» **EXERCISE DETAILS**
Your answer must be only the lines below from the one containing "- Item Type: Oxygen" through the one containing "Thrun hat von", copied exactly, with the pictures left out.

» **STUDY MATERIAL**
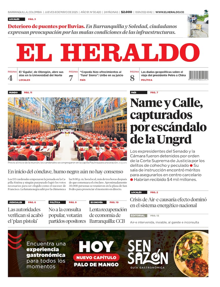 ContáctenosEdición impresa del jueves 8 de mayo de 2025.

...

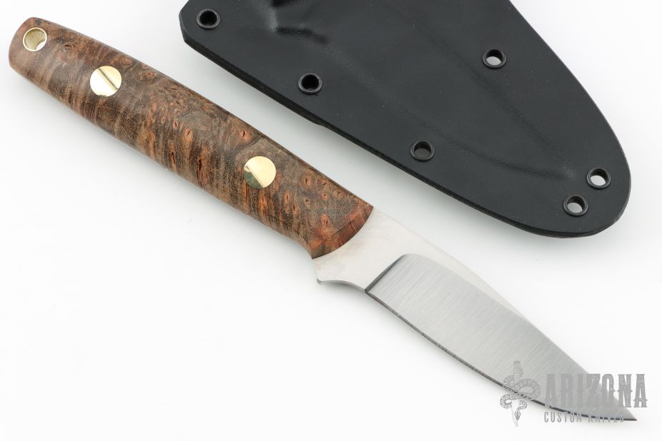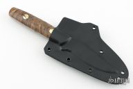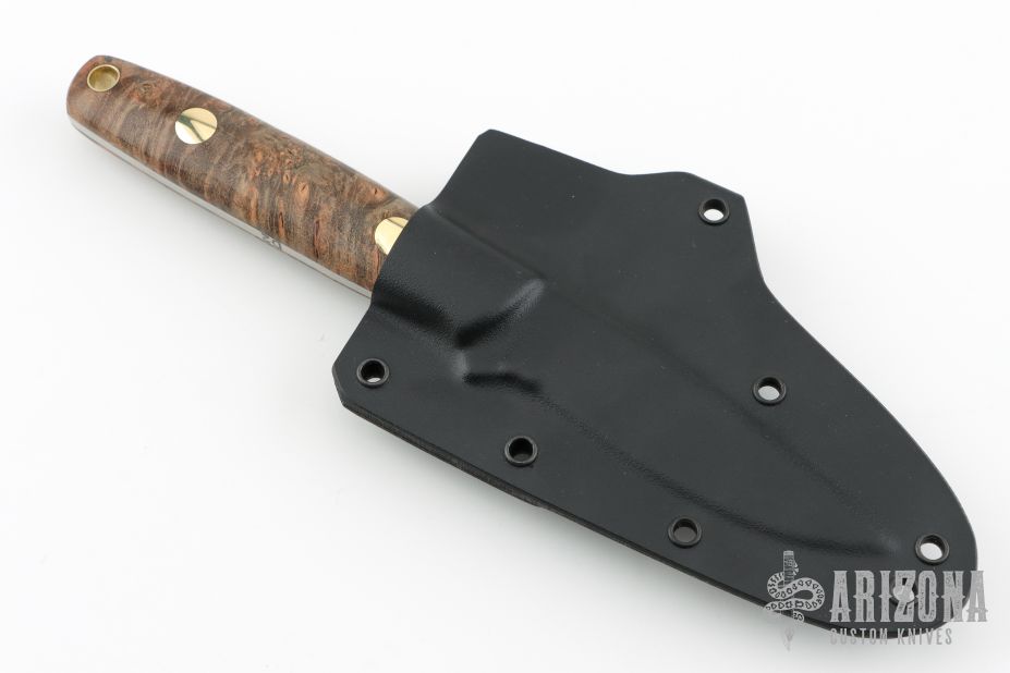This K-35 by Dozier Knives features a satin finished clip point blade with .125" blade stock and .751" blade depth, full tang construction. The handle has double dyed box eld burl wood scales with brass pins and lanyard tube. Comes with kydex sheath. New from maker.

...

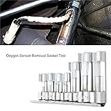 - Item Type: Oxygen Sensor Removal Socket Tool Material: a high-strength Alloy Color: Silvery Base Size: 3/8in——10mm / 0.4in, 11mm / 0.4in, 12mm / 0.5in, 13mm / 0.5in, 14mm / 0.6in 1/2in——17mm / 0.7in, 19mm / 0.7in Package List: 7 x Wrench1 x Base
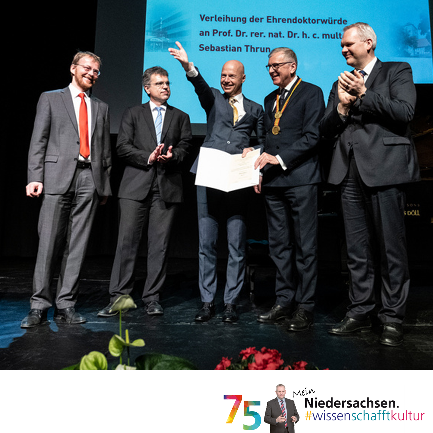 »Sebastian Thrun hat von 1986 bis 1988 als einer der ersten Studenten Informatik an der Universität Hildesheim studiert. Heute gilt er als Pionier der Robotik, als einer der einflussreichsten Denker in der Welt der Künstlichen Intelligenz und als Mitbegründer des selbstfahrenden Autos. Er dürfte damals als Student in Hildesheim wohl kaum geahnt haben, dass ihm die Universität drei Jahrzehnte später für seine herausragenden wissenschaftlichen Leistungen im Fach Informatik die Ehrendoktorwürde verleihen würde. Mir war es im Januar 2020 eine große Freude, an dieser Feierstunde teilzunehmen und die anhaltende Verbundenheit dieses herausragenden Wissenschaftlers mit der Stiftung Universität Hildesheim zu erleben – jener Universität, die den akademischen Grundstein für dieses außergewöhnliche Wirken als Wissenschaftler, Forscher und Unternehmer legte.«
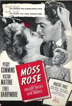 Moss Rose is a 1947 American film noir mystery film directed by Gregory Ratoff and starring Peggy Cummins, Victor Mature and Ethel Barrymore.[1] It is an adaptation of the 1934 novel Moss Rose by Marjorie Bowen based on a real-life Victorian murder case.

» **OUTPUT OF THE EXERCISE**
 - Item Type: Oxygen Sensor Removal Socket Tool Material: a high-strength Alloy Color: Silvery Base Size: 3/8in——10mm / 0.4in, 11mm / 0.4in, 12mm / 0.5in, 13mm / 0.5in, 14mm / 0.6in 1/2in——17mm / 0.7in, 19mm / 0.7in Package List: 7 x Wrench1 x Base
 »Sebastian Thrun hat von 1986 bis 1988 als einer der ersten Studenten Informatik an der Universität Hildesheim studiert. Heute gilt er als Pionier der Robotik, als einer der einflussreichsten Denker in der Welt der Künstlichen Intelligenz und als Mitbegründer des selbstfahrenden Autos. Er dürfte damals als Student in Hildesheim wohl kaum geahnt haben, dass ihm die Universität drei Jahrzehnte später für seine herausragenden wissenschaftlichen Leistungen im Fach Informatik die Ehrendoktorwürde verleihen würde. Mir war es im Januar 2020 eine große Freude, an dieser Feierstunde teilzunehmen und die anhaltende Verbundenheit dieses herausragenden Wissenschaftlers mit der Stiftung Universität Hildesheim zu erleben – jener Universität, die den akademischen Grundstein für dieses außergewöhnliche Wirken als Wissenschaftler, Forscher und Unternehmer legte.«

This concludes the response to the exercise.